We are grateful to the reviewers for their insightful comments on our paper. We have been able to incorporate changes to reflect most of the suggestions provided by the reviewers. We have highlighted the changes within the manuscript.

Here is a point-by-point response to the reviewers’ comments and concerns.

 

Comment 1: You should add an explanation about sample size calculation.

Response: Our main outcome was evaluated by Cronbach’s alpha. 10% was added considering a possible dropout. An explanation has been added in the corresponding section.

 

Comment 2: You should add an explanation about sample selection process.

Response: In line 150, 151 sample selection process added for more clarifying as requested and highlighted.

 

Comment 3: You should add an explanation confirmatory and explanatory factor analysis.

Response: We really appreciate this valid point. In line 258, CFI value have been added showing accepted fit.

 

Comment 4: You should check your analysis about chi-square. It may be Fischer exact test, or it is not suitable for chi-square analysis.

Response: Fischer exact test done to calculate p value which result in significant (p value) 0.001.

 

Comment 5: You should add an explanation about sample size for each stage. How many people participate in each stage?  How many people participate pilot study?

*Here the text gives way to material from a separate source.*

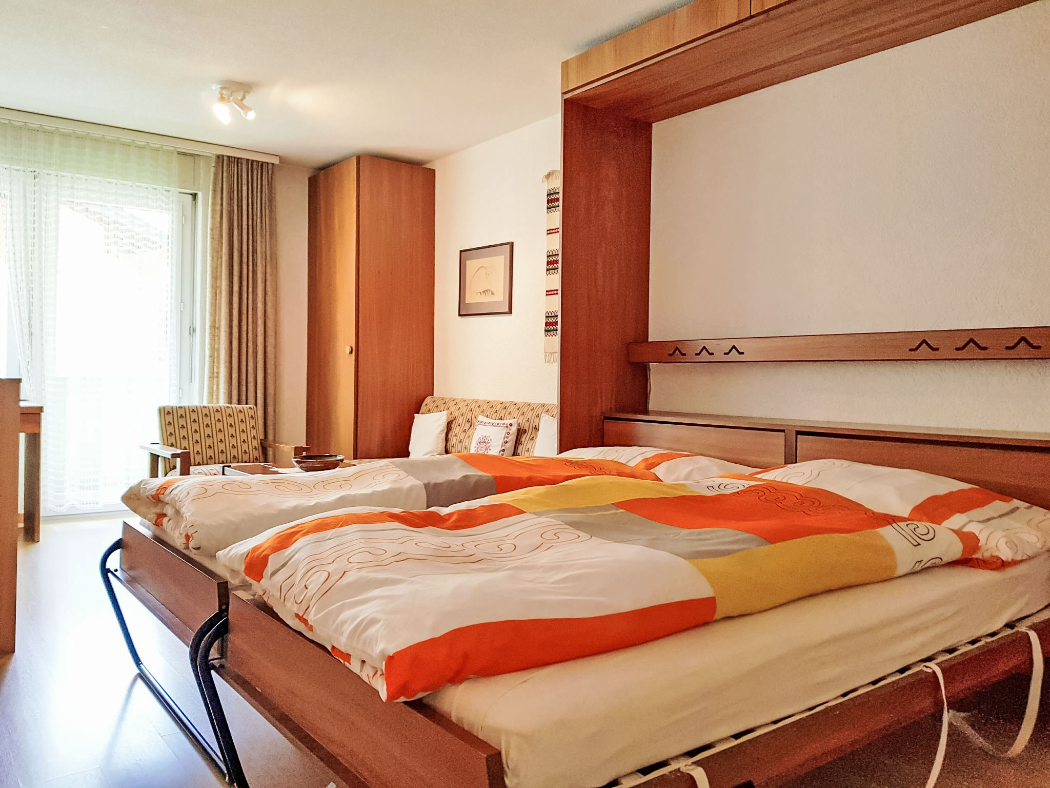 "Castor 202", 1-Zimmer-Wohnung 30 m2. Wohn-/Esszimmer mit 1 Doppelwandschrankbett (2 x 90 cm, Länge 200 cm), Sat-TV und Radio. Kochnische (3 Kochplatten, Backofen, elektrische Kaffeemaschine). Dusche/WC. Balkon, Südlage. Zur Verfügung: Internet (Wireless LAN, gratis). Bitte beachten: Nichtraucher-Unterkunft. Maximal 1 Haustier/Hund erlaubt.

Response: In line 150, recruitment had been elaborate throughout the full process. The 30 participants with the help of simple random sampling by lottery method. Pilot study participants were not included in the main study which they were not categorized as two groups. Please find Figure 2 presents the details of sample size for pilot and main study.

 

Comment 6: You should do confirmatory factor analysis

Response: We believe CFI calculation (value of 0.74) works for the analysis and included in our study.

 

Comment 7: You should give KMO, X2/df, p value, CFI, GFI, and RMSEA values.

Response: In line 258, 259 ,260, 261 all statistical analysis requested has been added. We believe confirmatory factor analysis CFI is 0.74, which indicates accepted fit. Kaiser-Meyer-Olkin Measure of Sampling Adequacy KMO value is 0.869, which indicate the sampling is adequate with p value 0.000. X2/df is 2.29 and the root mean square error of approximation RMSEA 0.12 which is mediocre.

 

Comment 8: You may follow ITC guideline or COSMIN guideline or WHO guideline for reporting.

Response: 

Thank you for your suggestion and comments. This manuscript followed the Reporting guideline that is internationally accepted as follows.

Beaton DE, Bombardier C, Guillemin F, Ferraz MB. Guidelines for the process of cross-cultural adaptation of self-report measures. Spine (Phila Pa 1976). 2000;25(24):3186–91. pmid:11124735

 

 

Comment 9: You should follow international guideline reporting process.

Response: This manuscript follows the above protocol as mentioned in comment 8.

 

 

Additional clarifications

In addition to the above comments, figure 2 has been re-designed.

Regarding the explanatory factor analysis, we were unable to figure it out within the time frame limits.

We look forward to hearing from you in due time regarding our submission and to respond to any further questions and comments you may have.

Sincerely,

Round 2

Reviewer 3 Report

Comments and Suggestions for Authors

The manuscript fulfils all the scientific standards necessary to be published.  The manuscript has the sufficient quality and originality to be published in Healthcare. I do not think that the manuscript needs further revisions. I think it can be considered for publication in journal.